%%

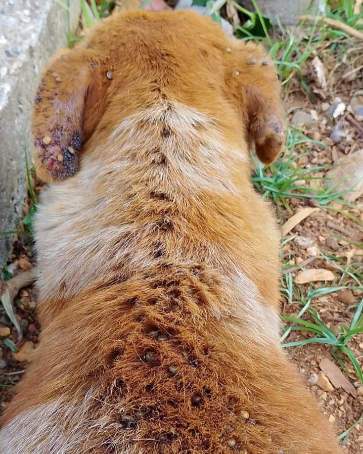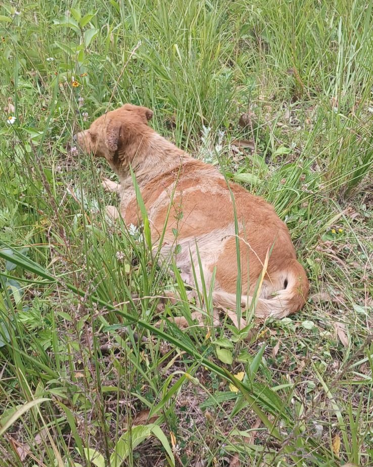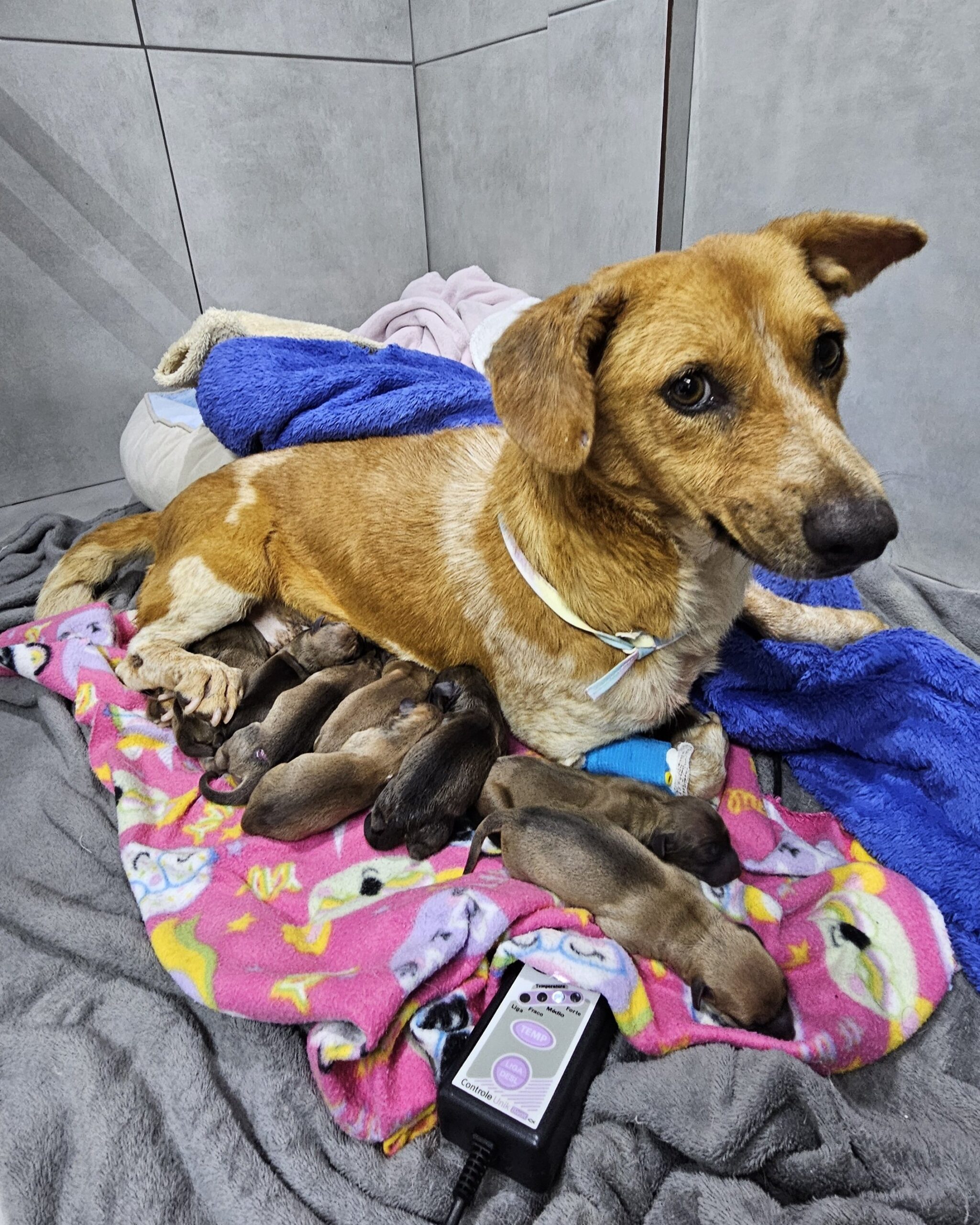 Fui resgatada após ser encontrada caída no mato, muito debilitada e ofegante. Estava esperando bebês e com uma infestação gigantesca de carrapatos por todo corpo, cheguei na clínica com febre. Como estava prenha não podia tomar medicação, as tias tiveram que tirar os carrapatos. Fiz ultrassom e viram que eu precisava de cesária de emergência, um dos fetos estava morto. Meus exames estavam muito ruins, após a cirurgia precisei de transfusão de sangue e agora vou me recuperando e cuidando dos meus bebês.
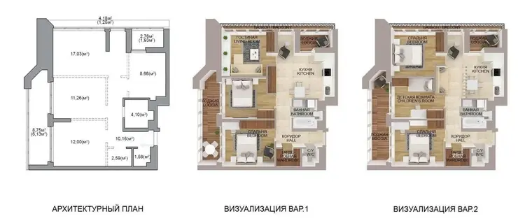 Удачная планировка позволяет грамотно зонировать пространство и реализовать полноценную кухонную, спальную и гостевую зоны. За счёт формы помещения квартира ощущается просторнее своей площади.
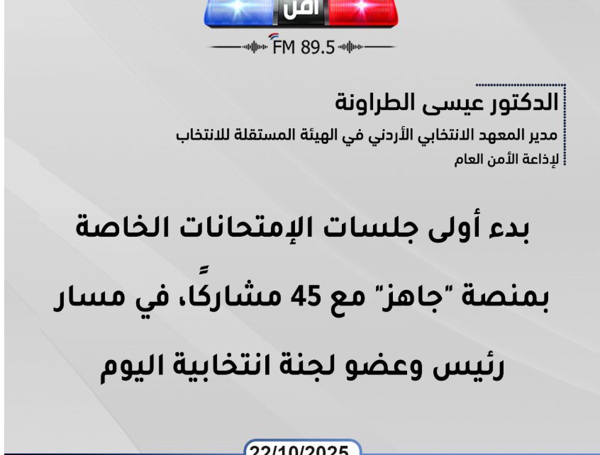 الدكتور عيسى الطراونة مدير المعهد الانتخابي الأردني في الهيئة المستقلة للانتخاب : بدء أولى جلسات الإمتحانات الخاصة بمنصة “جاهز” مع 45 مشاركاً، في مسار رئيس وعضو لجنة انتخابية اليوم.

%%

Directions: Give back the whole of the material exactly, with the pictures removed.

Task result:
 Fui resgatada após ser encontrada caída no mato, muito debilitada e ofegante. Estava esperando bebês e com uma infestação gigantesca de carrapatos por todo corpo, cheguei na clínica com febre. Como estava prenha não podia tomar medicação, as tias tiveram que tirar os carrapatos. Fiz ultrassom e viram que eu precisava de cesária de emergência, um dos fetos estava morto. Meus exames estavam muito ruins, após a cirurgia precisei de transfusão de sangue e agora vou me recuperando e cuidando dos meus bebês.
 Удачная планировка позволяет грамотно зонировать пространство и реализовать полноценную кухонную, спальную и гостевую зоны. За счёт формы помещения квартира ощущается просторнее своей площади.
 الدكتور عيسى الطراونة مدير المعهد الانتخابي الأردني في الهيئة المستقلة للانتخاب : بدء أولى جلسات الإمتحانات الخاصة بمنصة “جاهز” مع 45 مشاركاً، في مسار رئيس وعضو لجنة انتخابية اليوم.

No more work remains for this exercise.